A Framework for Quantifying the Privacy/Utility Trade-off in Generative Model based Synthetic Data
This PhD studentship is fully funded by a grant from The Alan Turing Institute as part of the Accenture / Turing Strategic Partnership (subject to funding confirmation) and will be supervised jointly by Prof Emiliano De Cristofaro (University College London), Dr Isabel Wagner (De Montfort University), and Prof Eerke Boiten (De Montfort University). Over the course of the PhD, you will spend time at both universities. You will apply to, be formally registered at, and get your degree from De Montfort University.

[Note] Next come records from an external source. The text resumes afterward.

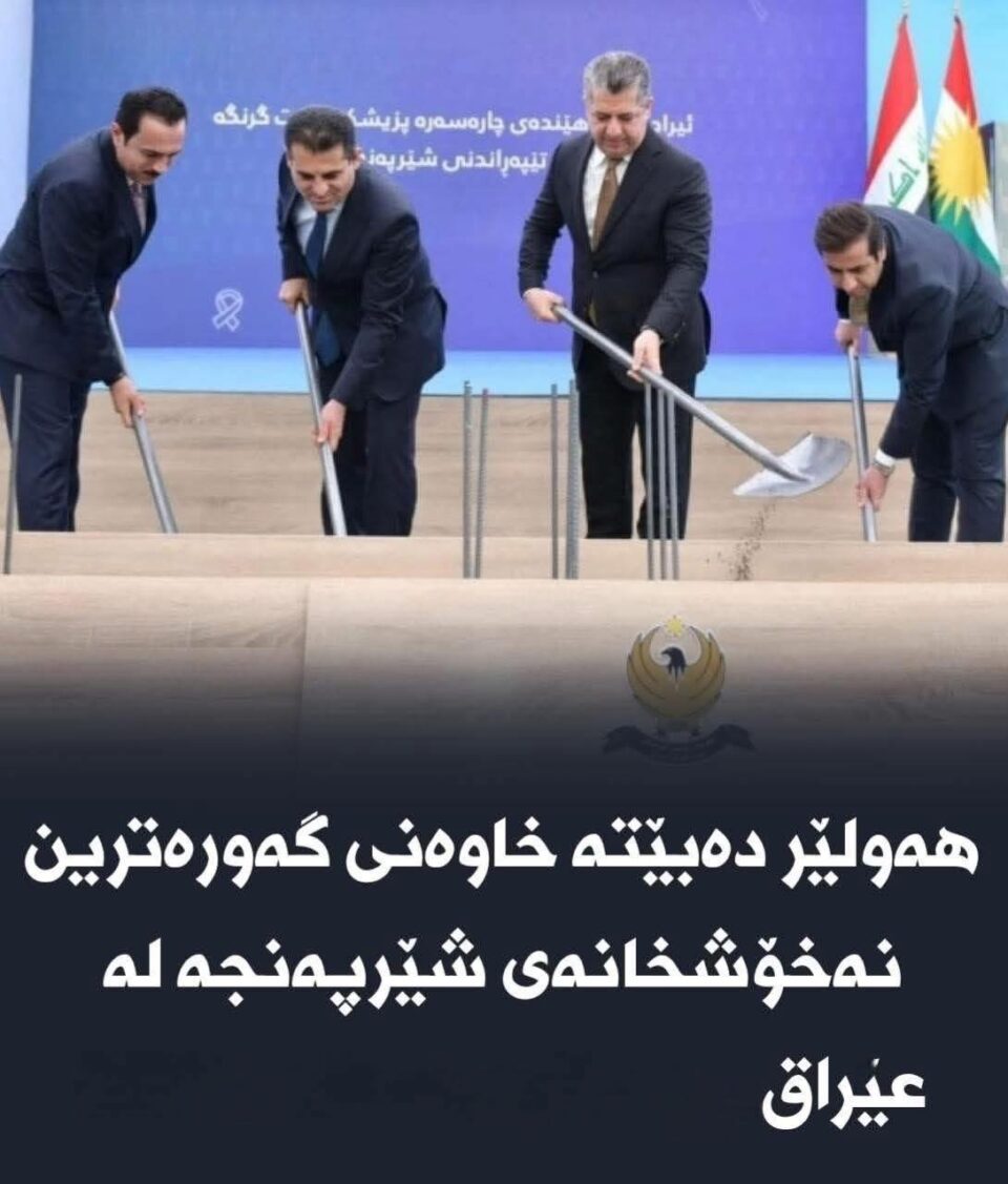 لە ھەولێر، دەربارەی دەست بە دروستکردنی گەورەترین نەخۆشخانەی شێرپەنجە لەسەر ئاستی ھەرێم و عێراق بەستانداردی جیھانی کراوە، باڵەخانەکەی لە قۆناغی تەواوبوون دایە، سەرۆکی حکوومەت بەخۆی چاودێری دەکات و بڕیارە پێش وادەی خۆی تەواو بێت.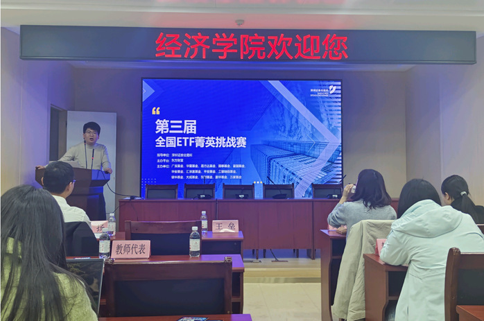 东方财富市场部山东区域经理张鑫对《第三届全国ETF菁英挑战赛》进行了赛事宣讲。他详细介绍了大赛背景、报名流程、赛事规则以及比赛奖励,激发了同学们的参赛热情。
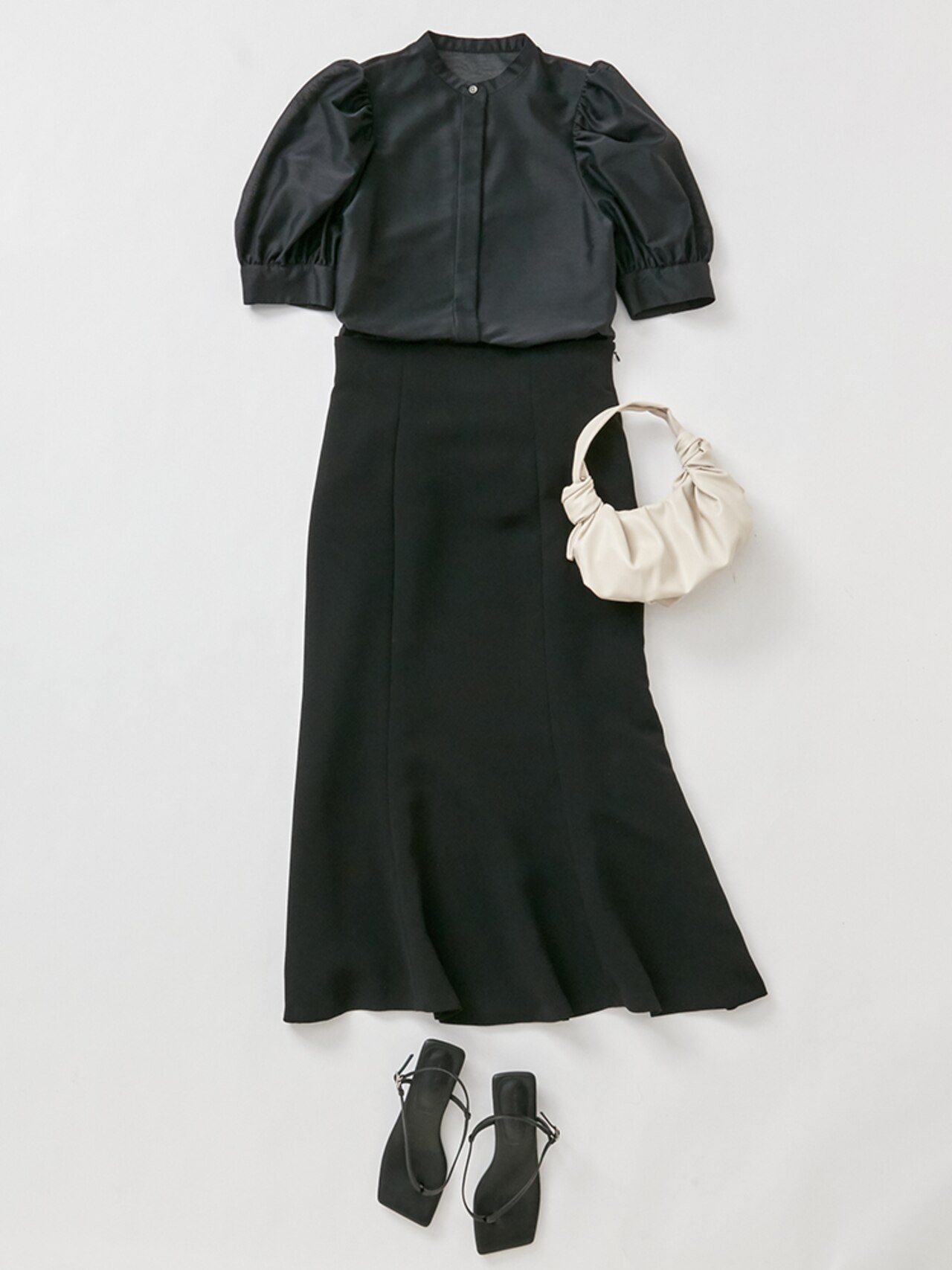 二の腕を隠すブラウスに、マーメイドスカートで着痩せ効果も◎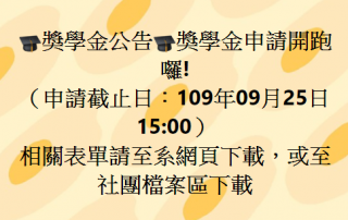 獎學金申請開跑囉! 申請截止日:109年09月25日15:00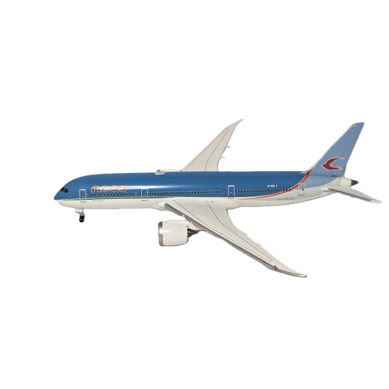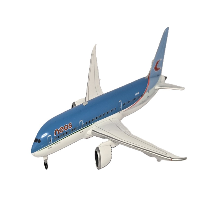 This die-cast metal model airplane is in a scale of 1/500. The model is approximately 5 ¾ inches long and has a wingspan of 5 inches. Suitable for collectors aged 14 and above.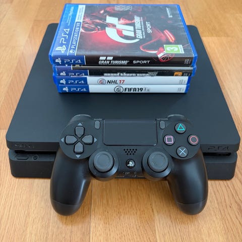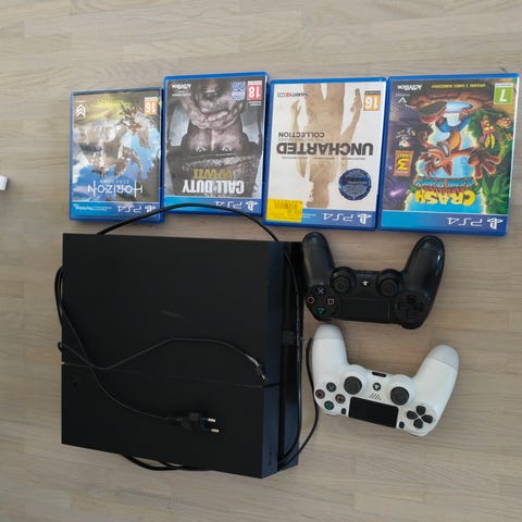 Kuvissa näkyy PS4-konsoli, kaksi ohjainta, lataustelakka ohjaimille, virtajohto, HDMI-johto sekä useita PS4-pelejä koteloissa.
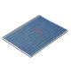 Un bleu moyen, avec une texture de liège de petits trous noirs placés aléatoirement, constitue l'arrière - plan de l'oeuvre originale de HomeWare sur ce Carnet. Sur cet arrière - plan, il y a des bandes horizontales composées de trois lignes blanches minces chacune. Au centre, ces rayures sont ondulées, dans un motif ondulé qui se redresse au fur et à mesure qu'il approche les bords. Il y a du texte en rouge qui dit "Notes". Ce texte est défini pour personnaliser, utiliser tel quel ou supprimer si vous le souhaitez.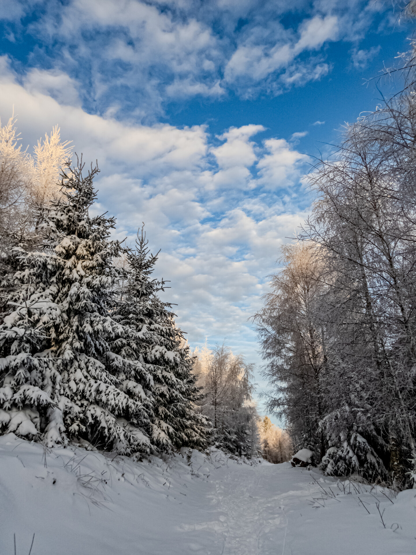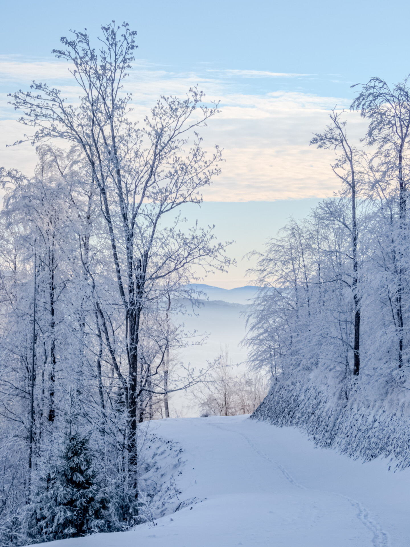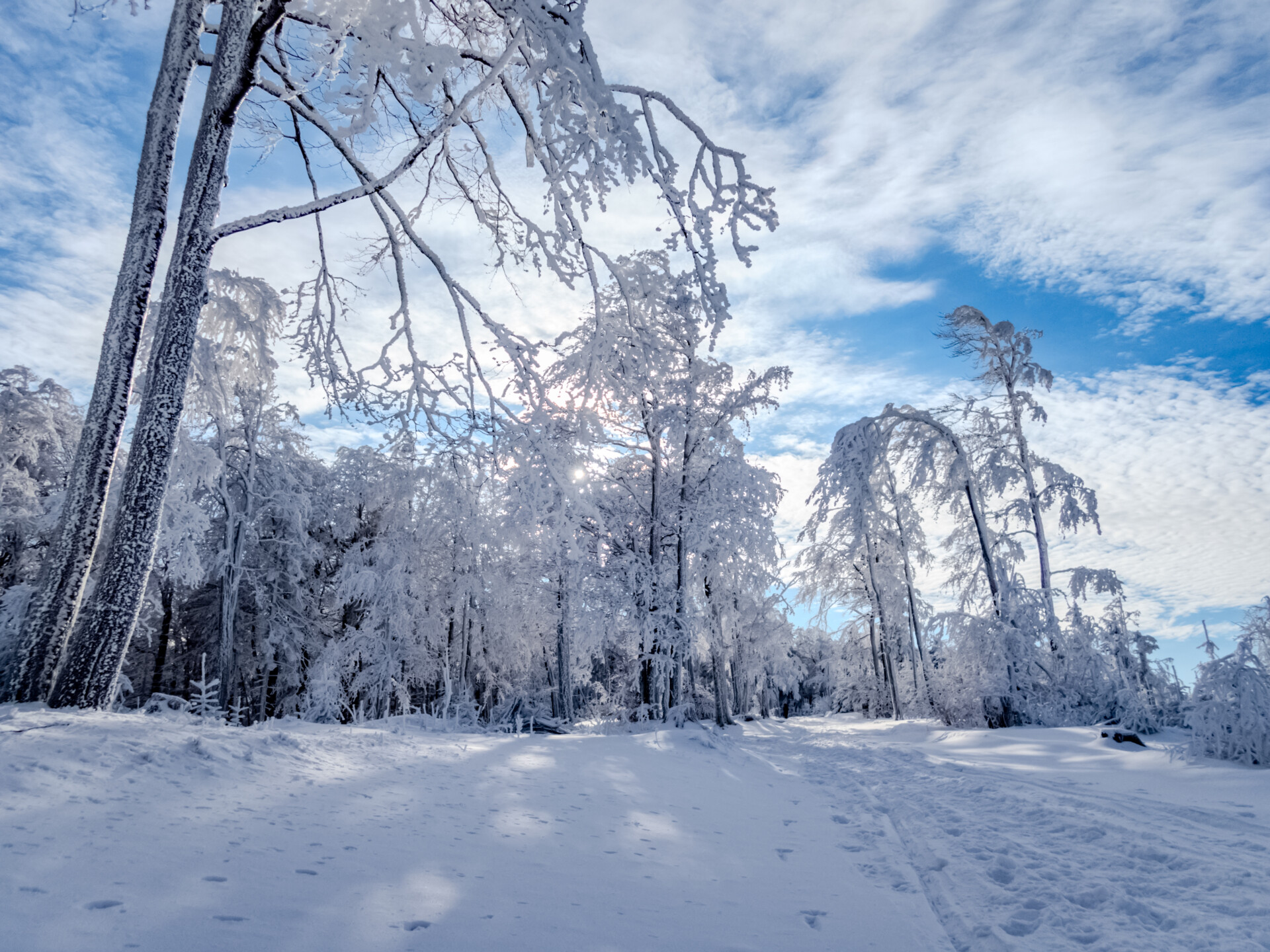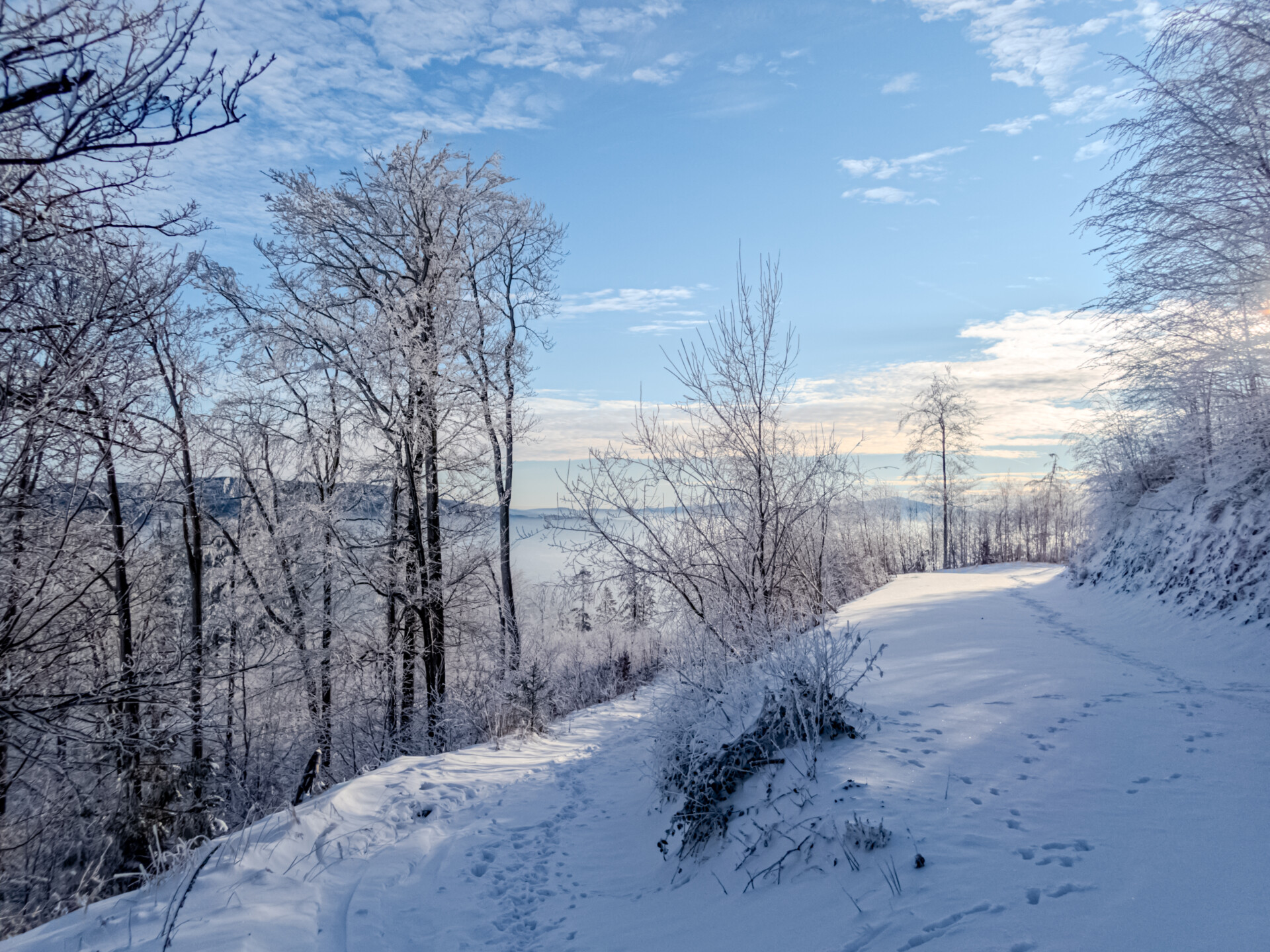 Niestety ten fragment był ledwo przetarty i musiałem dopasować swoje kroki do istniejących śladów. Najpewniej zostawiła je osoba dużo wyższa ode mnie – za nic nie mogłem się z nimi zsynchronizować. Raz po raz kruszyłem zmrożony śnieg, grzęznąc po kolana.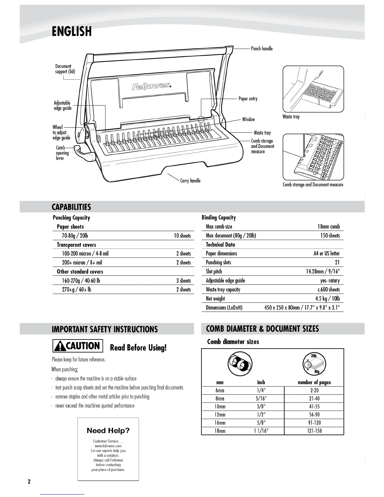 Fellowes Star 150 - Product Capabilities; Punching Capacity; Binding Capacity; Technical Specifications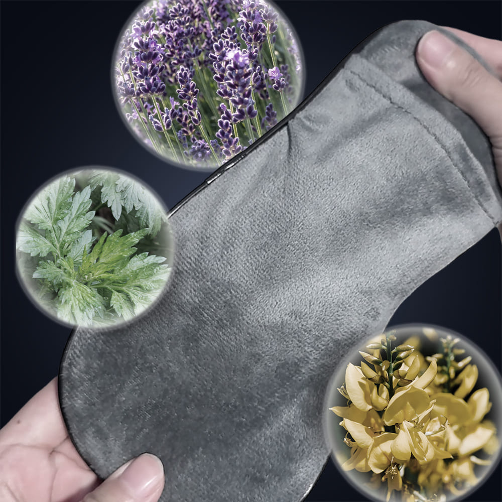 內建一個香氛袋空間,可以放入自己喜歡的花草包、香氛包。加進幫助入眠的香草,如薰衣草、艾草、決明子,透過加熱,熱氣薰出香氣,釋放眼睛疲勞,在自己喜愛的香氣中安穩入睡。

The PhD Studentship, which starts 1 January 2022, comprises a tax-free stipend of £15,609 per annum (paid monthly). The bursary is renewable annually for up to 36 months in total, subject to you making satisfactory progression within your PhD research. This funding model also includes a Full Time Home fees studentship (£4,500 for 2021-22) for up to 3 years, subject to you making satisfactory progress with your PhD research.
This opportunity is open to UK, EU, and International applicants. International applicants will be required to meet the difference in fee costs from their own funds.
Synthetic datasets drawn from generative models (GMs) have been advertised as a silver-bullet solution to privacy-preserving data publishing. Recent work suggests that such claims do not match reality: for instance, synthetic data does not seem to prevent attribute inference. Overall, attacks against GMs allow adversaries to learn private information about training data. While researchers have studied these attacks thoroughly, they have done so: 1) in isolation, 2) on publicly available datasets, and/or 3) without evaluating, in-depth, the effectiveness of defence mechanisms or their effect on utility.
This prompts two big research challenges. First, we lack a comprehensive picture of the risks caused by the attacks or the effectiveness of defence techniques. Second, it is hard for organizations and individuals using generative models in the wild to “port” considerations about the attacks to real-world settings or the impact of defences on task accuracy. We propose to build a research agenda and to build on it to provide actionable insight and easy-to-understand risk assessment of different inference attacks against machine learning models in real-world GM applications, as well as meaningful defences.
Specifically, this project aims to develop methods and tools to assess privacy/utility trade-offs of synthetic data generation, and to build up a comprehensive picture of privacy and utility for existing generative models that offer privacy guarantees in the differential privacy model and are subject to attacks on training data.
- MSc in a relevant field, such as Computer Science, Computer Engineering, or Cyber Security
- Strong programming skills, preferably Python, Matlab, or R
- Experience with privacy-enhancing technologies and/or machine learning
- Good communication skills, especially in written English
- Strong work ethic
- Ability to think creatively and work independently
How to apply
If you are interested in applying, please apply via our application portal which can be accessed here. When applying, please ensure that you identify Accenture-Turing Strategic Partnership studentship under the Proposed Programme of Study tab.
Please also provide a 200-word statement of interest in which you say why you are interested in studying for a PhD and how you believe you have the desired qualities and experiences for this research project.
The deadline for applications is 1 November 2021. The start of the project is 1 January 2022.
De Montfort University offers alumni discounts for students that have previously studied with us at undergraduate or taught masters degree level. This discount is available to Home, EU and International Students. This discount is only available to new starters and will be automatically applied if you are eligible.
Home and EU alumni discount is £500 per year (full-time equivalent).
International alumni discount is £2,000 per year (full-time equivalent).